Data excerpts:
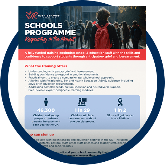 The Ruth Strauss Foundation supports families where a parent is facing an incurable cancer. Our new Schools Training Programme builds on that expertise and our experience working with families, but goes wider – ensuring it is suitable for any cause of grief (from any illness) and bereavement, including preparation for bereavement.
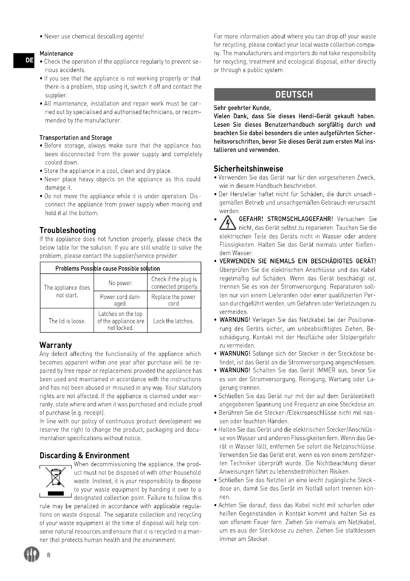 ny. The manufacturers and importers do not take responsibility for recycling, treatment and ecological disposal, either directly or through a public system. DEUTSCH Sehr geehrter Kunde, Vielen Dank, dass Sie dieses Hendi-Gerät gekauft haben. Lesen Sie dieses Benutzerhandbuch sorgfältig durch und beachten Sie dabei besonders die unten aufgeführten Sicher
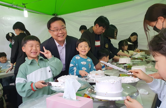 | È«³²Ç¥ â¿ø½ÃÀåÀÌ ¿Â°¡Á·Ã¼ÇèºÎ½º¸¦ ¹æ¹®ÇØ ¼öÁ¦ÄÉÀÌÅ©¸¦ ¸¸µé°í ÀÖ´Â ¾î¸°À̵é°ú ±â³ä»çÁøÀ» Âï°í ÀÖ´Ù. |
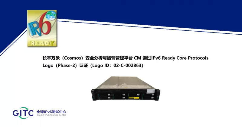 近日,北京长亭科技有限公司旗下长亭万象(Cosmos)安全分析与运营管理平台 CM在下一代互联网国家工程中心-全球IPv6测试中心正式通过IPv6 Ready核心协议Phase-2测试,并荣获由国际组织IPv6 Forum颁发的IPv6 Ready Logo Phase-2认证证书(Logo ID:02-C-002863)。这标志着上述产品的IPv6核心协议实现已全面符合IETF RFC相关标准,其一致性和互通性得到了权威验证。
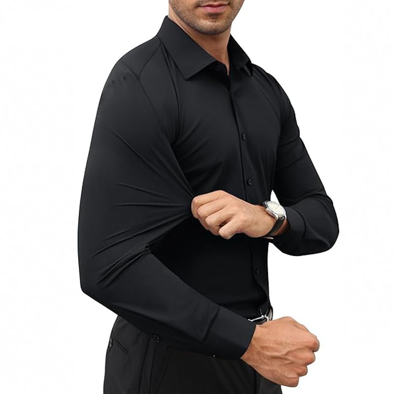 跨境爆款四面弹力衬衫春夏男长袖热销无痕免烫商务休闲白色衬衫
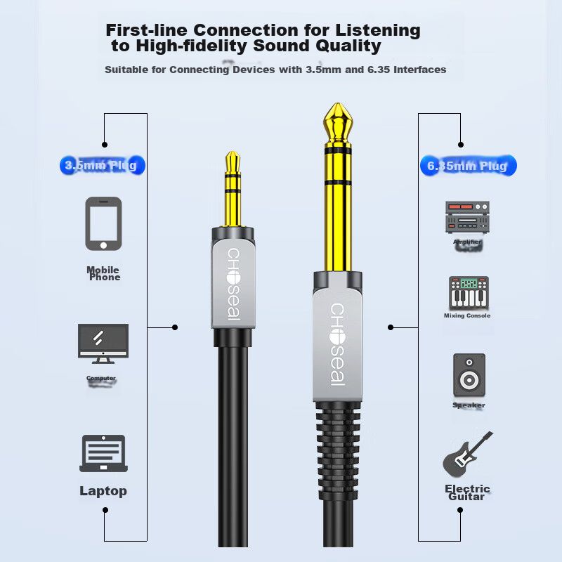 TelefoníaAccesorios para celularesCablesCable CHOSEAL QS3564 3.5 mm a 6.35 mm Plata Negro
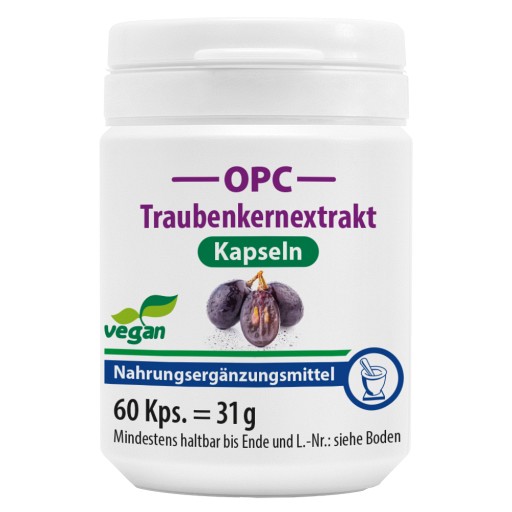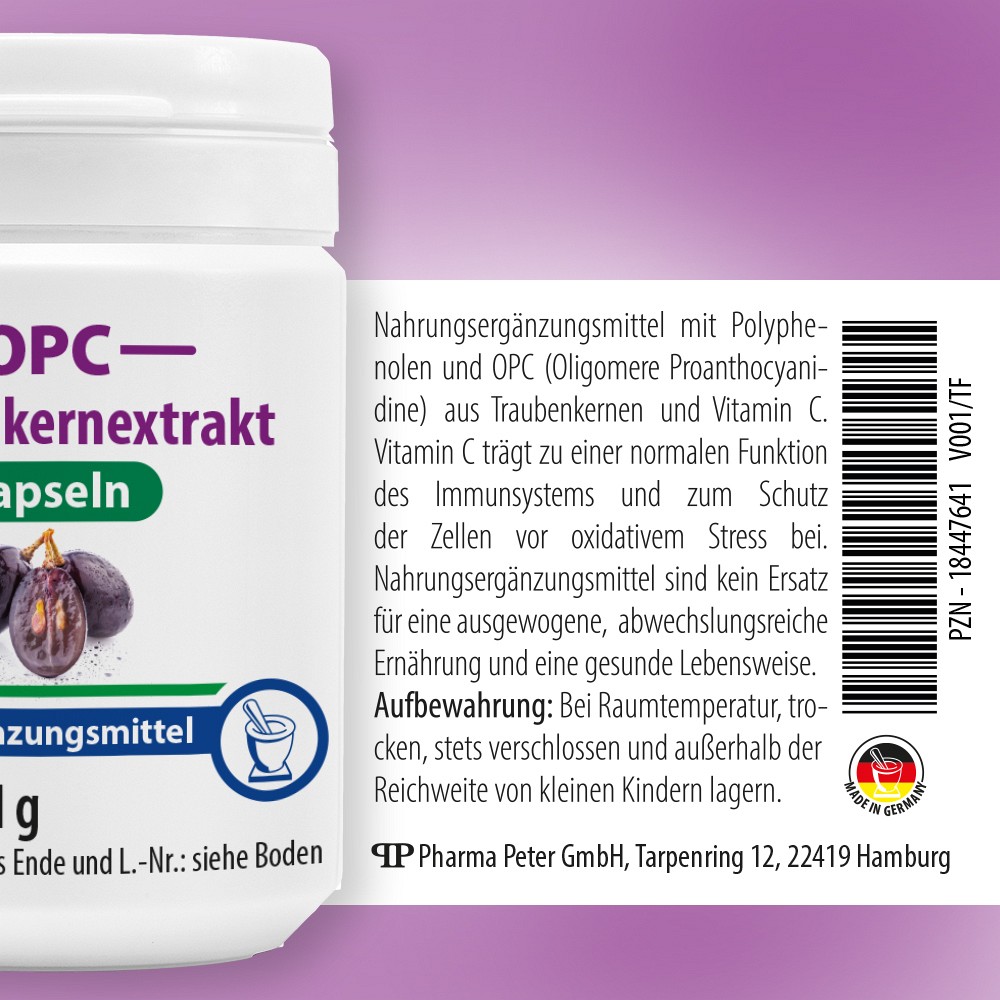 Nahrungsergänzungsmittel mit Polyphenolen und OPC (Oligomere Proanthocyanidine) aus Traubenkernen, sinnvoll kombiniert mit Vitamin C.Vitamin C trägt zu einer normalen Funktion des Immunsystems und zum Schutz der Zellen vor oxidativem Stress bei.

Work item:
From the line that contains "TelefoníaAccesorios para celularesCablesCable" down to the final line of the entries above, please copy each line exactly, excluding pictures.

Solution for this problem:
 TelefoníaAccesorios para celularesCablesCable CHOSEAL QS3564 3.5 mm a 6.35 mm Plata Negro
 Nahrungsergänzungsmittel mit Polyphenolen und OPC (Oligomere Proanthocyanidine) aus Traubenkernen, sinnvoll kombiniert mit Vitamin C.Vitamin C trägt zu einer normalen Funktion des Immunsystems und zum Schutz der Zellen vor oxidativem Stress bei.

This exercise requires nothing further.